Noether's Theorem Explained (Part 3/6) - Angular Momentum and Rotations 

That's a good question. When we throw out O(ε^2) terms in intermediate steps, we are implicitly assuming that they aren't somehow "square rooted" later on, which would produce an O(ε) term in the final answer. You do always have to be careful when throwing out higher order terms for this reason. Thankfully, we can check that throwing out the O(ε^2) is justified here. The term in question is V( sqrt(x^2 + y^2) ). Under an infinitesimal rotation by the angle ε, x^2 + y^2 does not change to the first order in ε. However, it does change to the second order in epsilon. At 16:14 in the video, you can see that the second order term is ε^2(x^2 + y^2). Now, what is V(sqrt(x^2 + y^2 + ε^2(x^2 + y^2) ) ) to the first non-vanishing order in ε? Well, note that we can rewrite this as V( sqrt(x^2 + y^2) sqrt(1 + ε^2) ). Next, note that sqrt(1 + ε^2) ≈ 1 + (1/2)ε^2 (because the first derivative of sqrt(1 + z) at z = 0 is 1/2).
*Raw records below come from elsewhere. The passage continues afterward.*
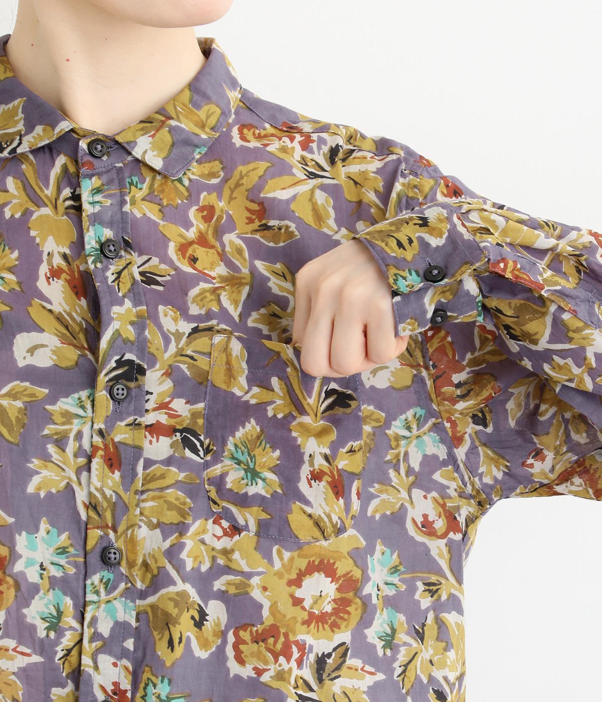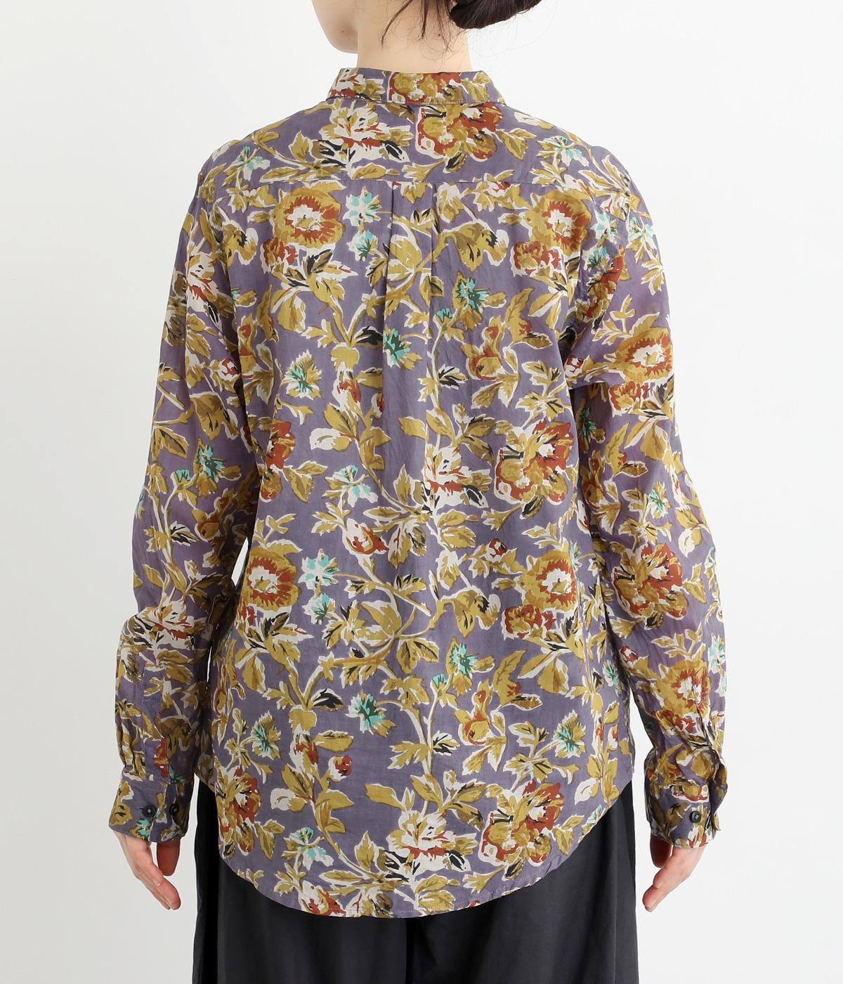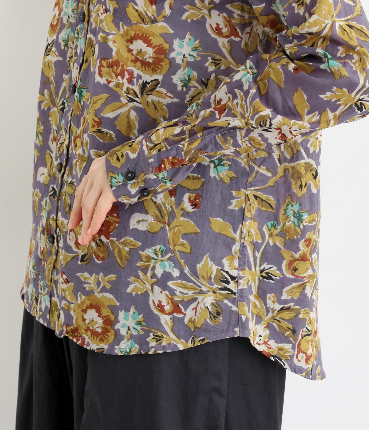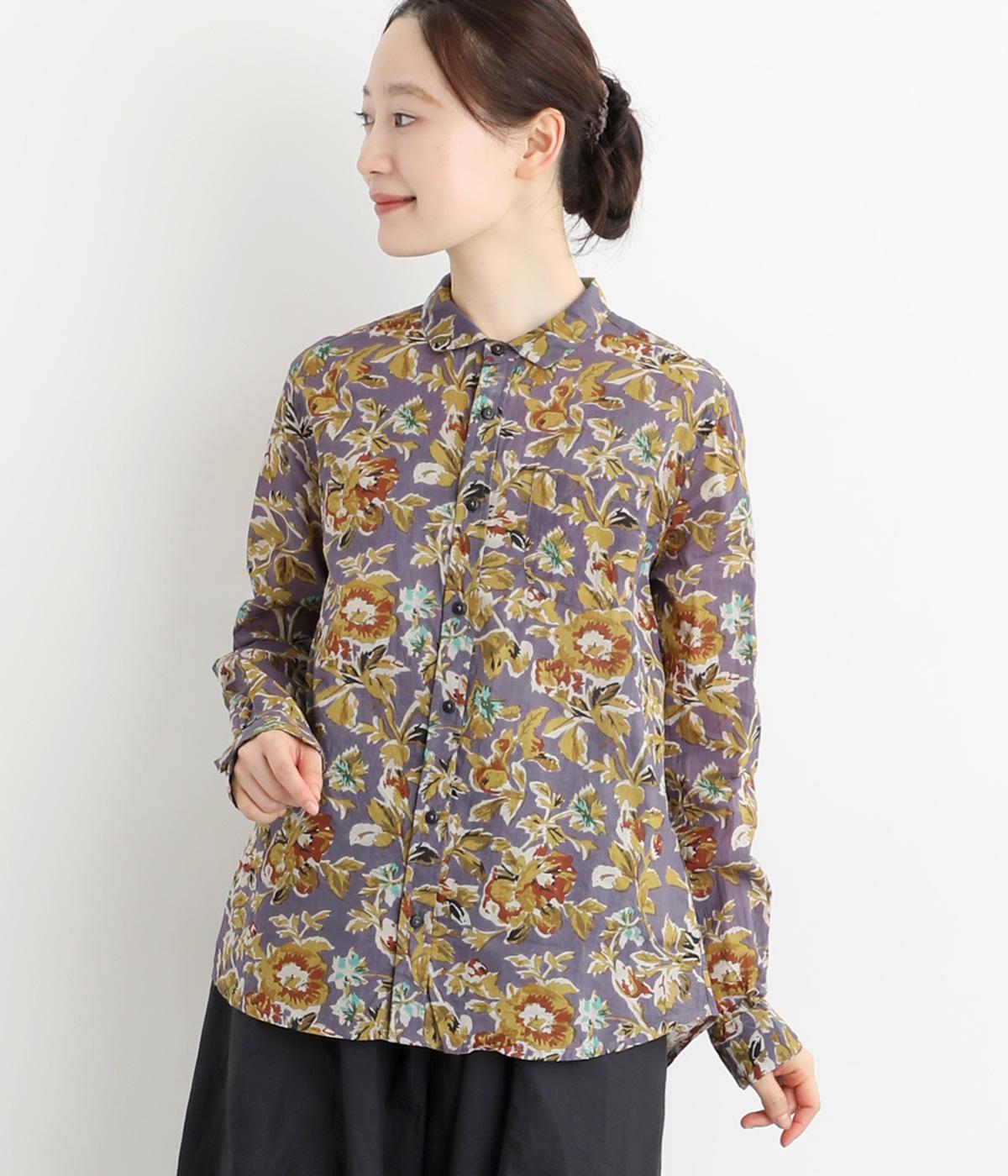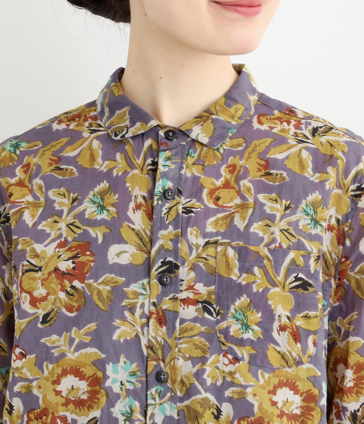 定番のレギュラーシャツにクラシカルな花柄をほどこしました。味わいのある柄ながらタイムレスな型でデイリーになじみます。うしろをすこし長くしたラウンドヘムがかわいらしさを添えながら体型カバーも叶えます。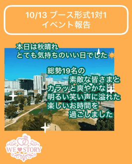 2025/4/13イベント❤総勢15名の素敵な皆様と楽しいお時間を過ごしました✨お話が盛り上がって止まらないブースや明るい笑い声が聞こえてきて、こちらまで幸せな気持ちになりました☺️可愛いカップルたちも誕生いたしました❤おめでとうございます♪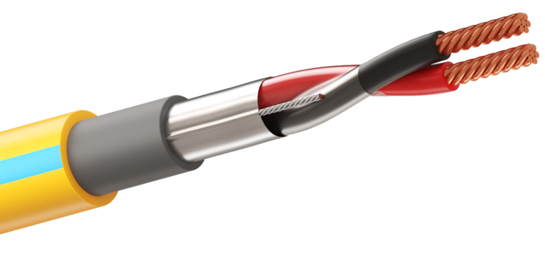 Технические характеристики (краткие) Класс медных токопроводящих жил (по ГОСТ 22483): однопроволочные – 1 класс, многопроволочные «мж» – 3 или 4 класс, кабелей повышенной гибкости «Г» – 5 класс Номинальное сечение токопроводящей жилы: 0,12 мм²; 0,20 мм²; 0,35 мм²; 0,5 мм²; 0,75 мм²; 1,00 мм²; 1,5 мм²; 2,5 мм² Токопроводящие жилы скручены в пары с целью снижения влияния электромагнитных помех. Диапазон применения от –70°С до +250°C Минимальная температура эксплуатации кабелей: –70°С кабели исполнения «ЭХЛ» –60°С кабели исполнения «ХЛ» –50°С кабели обычного исполнения Максимальная температура эксплуатации кабелей: +250°С оболочка и изоляция из высокотемпературной композиции «Y-250» +220°С оболочка и изоляция из фторопласта «Ф» +150°С оболочка и изоляция из термопластичного эластомера повышенной теплостойкости «Т-150» +120°С оболочка и изоляция из термопластичного эластомера «Т» или полиуретана «У» +75°С все остальные кабели Минимальная температура монтажа, не ниже: не ниже минус (20±2) °С – с индексом нг(А)-LS, нг(А)-LSLTx не ниже минус (35±2) °С – с обозначением «ХЛ» не ниже минус (15±2) °С – для остальных типов кабелей Климатическое исполнение В, категория размещения 1-5 (по ГОСТ 15150). Возможно применение во всех макроклиматических районах, включая тропики. Кабели в исполнении «з» – для применения во взрывоопасных зонах – имеют круглую форму и подложку (специальное заполнение), полученную методом экструзии, препятствующую свободному распространению газов под оболочкой. Сопротивление жил постоянному току соответствует ГОСТ 22483 Номинальное напряжение: до ≈380В частотой до 125 кГц Электрическое сопротивление изоляции при температуре t = +20°C, не менее: ПВХ, кремнийорганическая резина, полиуретан, термопластичный эластомер – 100 МОм•км полимерная композиция, не содержащая галогенов – 12 МОм•км высокотемпературная композиция, фторопласт – 250 МОм•км Испытание напряжением в течение 1 мин: между жилами ≈2500В 50Гц между всеми жилами и экраном ≈3000В 50Гц Кабели огнестойкие, сохраняют работоспособность в условиях пожара не менее 180 минут (ПО1 по ГОСТ 31565-2012). Огнестойкость достигается применением слюдосодержащих лент или кремнийорганической резины «Р». Кабели с низкой токсичностью продуктов горения «LTx» – самые пожаробезопасные Значение радиуса изгиба (D – наружный диаметр кабеля): 6D – для небронированных кабелей 12D – для бронированных кабелей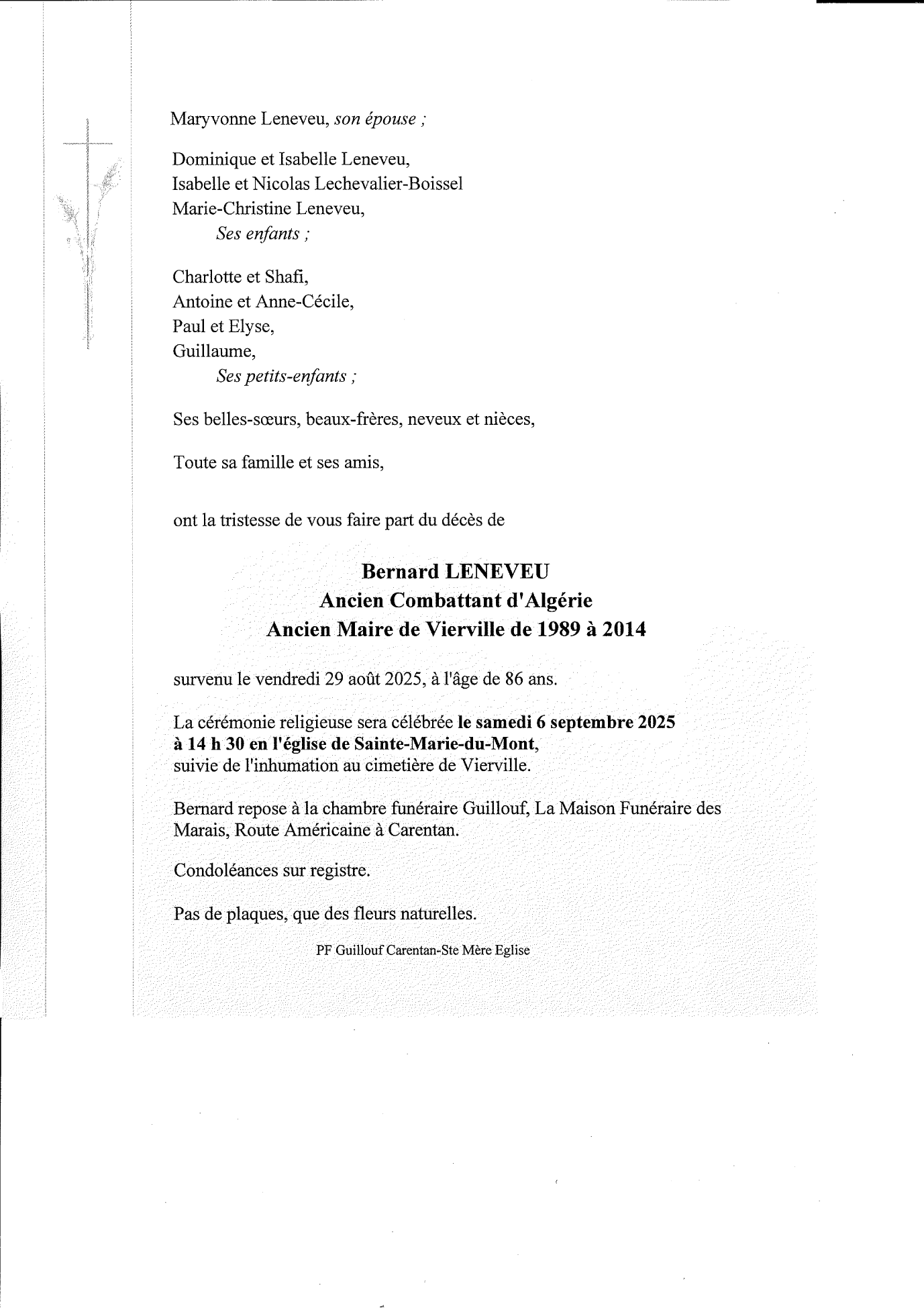 Décédé à Carentan (50500, France) le vendredi 29 août 2025 à l'âge de 86 ans
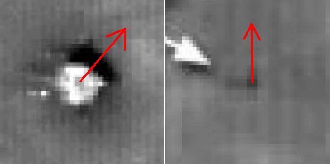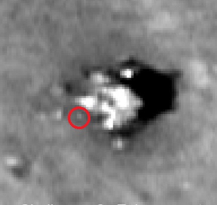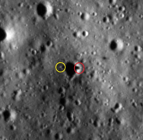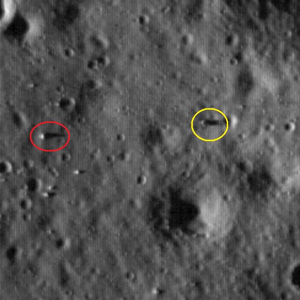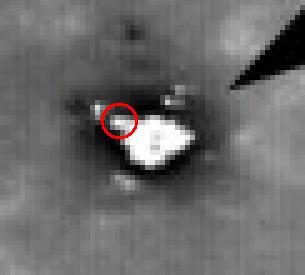 If we take a bigger part of the original satellite photo, we can see another object (I have circled in red) which looks like the lem (I have circled in yellow), and which creates the same type of shadow. If the first object is the lem, then what is the second object? ![]() |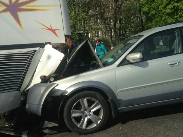 В Киеве на проспекте Науки, в районе автовокзала, автомобиль Subaru врезался в припаркованный автобус. Водитель легковушки пострадал.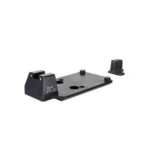 The Trijicon Dual Defense Kit RMR combines the legendary RMR, in black or FDE, and the Suppressor/Optic Height Sight Set into one, easy-to-use kit. This new kit adds speed and precision to your self-defense, law enforcement, military, competition, or target pistol. The Suppressor/Optic Height night sights are engineered to the optimal height so that the iron sight can be seen through the optic lens. Having co-witnessed iron sights helps you quickly acquire the red dot, and if necessary, provides a back up aiming solution.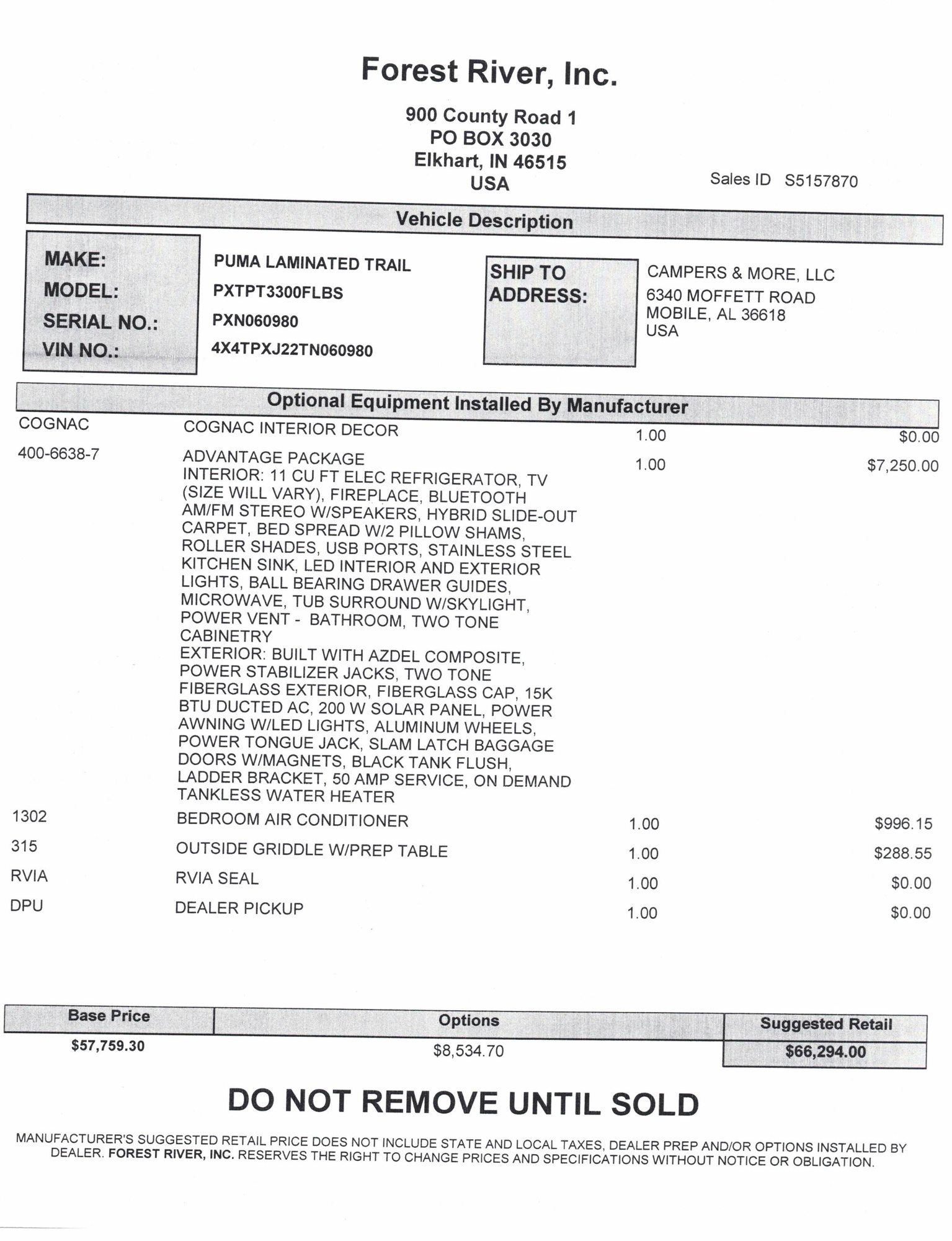 We Have the Lowest Prices on the Internet! Shop for Yourself and See! We Deliver Anywhere! Why Pay More at a Superstore? Nothing Fancy Except Our Campers! Low Upfront Pricing, No Hassles, No Fees. Free Battery and PDI with Every Camper! Owned and Operated by the Andress Family since 2005. Our Prices and Service Before and After the Sale will not be Beat! Financing options are available up to 12 years from as low as 5.99%. (Credit qualifications do apply) All units are serviced and inspected. A final “walk-through” will be performed upon delivery of your camper.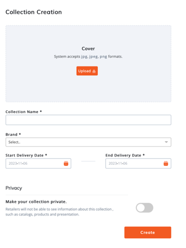 Privacy: select whether you want your collection to be made private or be seen by your Retailers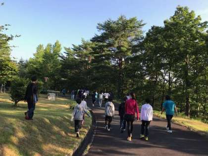 ラジオ体操を終えて、キャンプ場を散歩しています。日陰はひんやりして、いい気持ちです。これで、朝ごはんをモリモリ食べられそうです。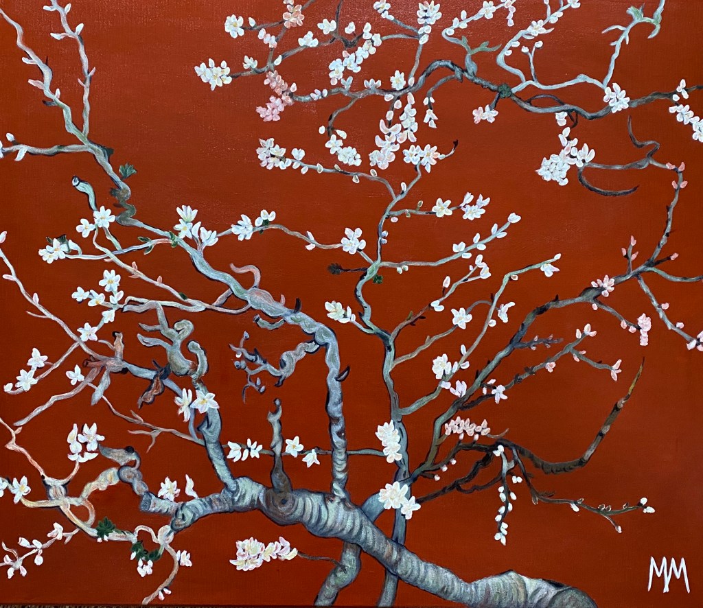 Adaptation de la branche d’amandier de Van Gogh sur fond ocre rouge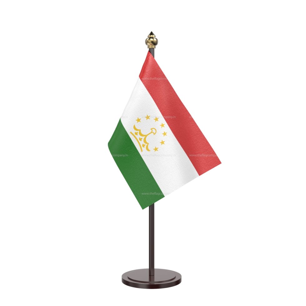- Single Tajikistan Table Flag With Black Plastic Base and Plastic Pole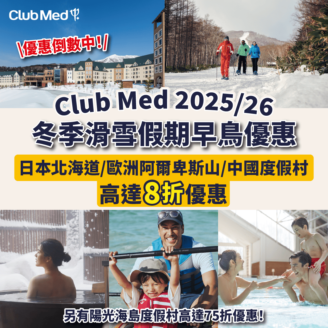 Club Med 2025/26 冬季一價全包假期高達8 折早鳥優惠: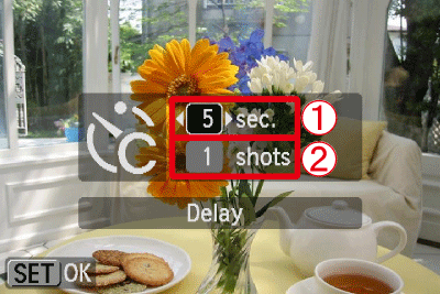 Operate the ⋖directional buttons⋗ to set the [Delay] to [5-seconds]. (Maximum 30 seconds)

Therefore, we can see that V(sqrt(x^2 + y^2 + ε^2(x^2 + y^2) ) ) ≈ V(sqrt(x^2 + y^2) ) + (1/2)ε^2 V(sqrt(x^2 + y^2) ). So, in the end, yes, we do see that the O(ε^2) term inside the square root doesn't actually "get square rooted" to become an O(ε) term, as feared, but will result in an O(ε^2) once all is said and done. This is because the ε^2 term is actually being expanded around 1, not 0! There's a big difference between sqrt(1 + ε^2) and sqrt(ε^2). Here is another way you should know that V shouldn't change with an O(ε) term. Note that we could have just as easily written the potential energy as V(x^2 + y^2), instead of V(sqrt(x^2 + y^2)), because V is an arbitrary function. There would have been no physical difference between these two choices, only a notational difference. It would have been weird if simply writing V(sqrt(...)) instead of V(...) mattered when V is an arbitrary function anyway.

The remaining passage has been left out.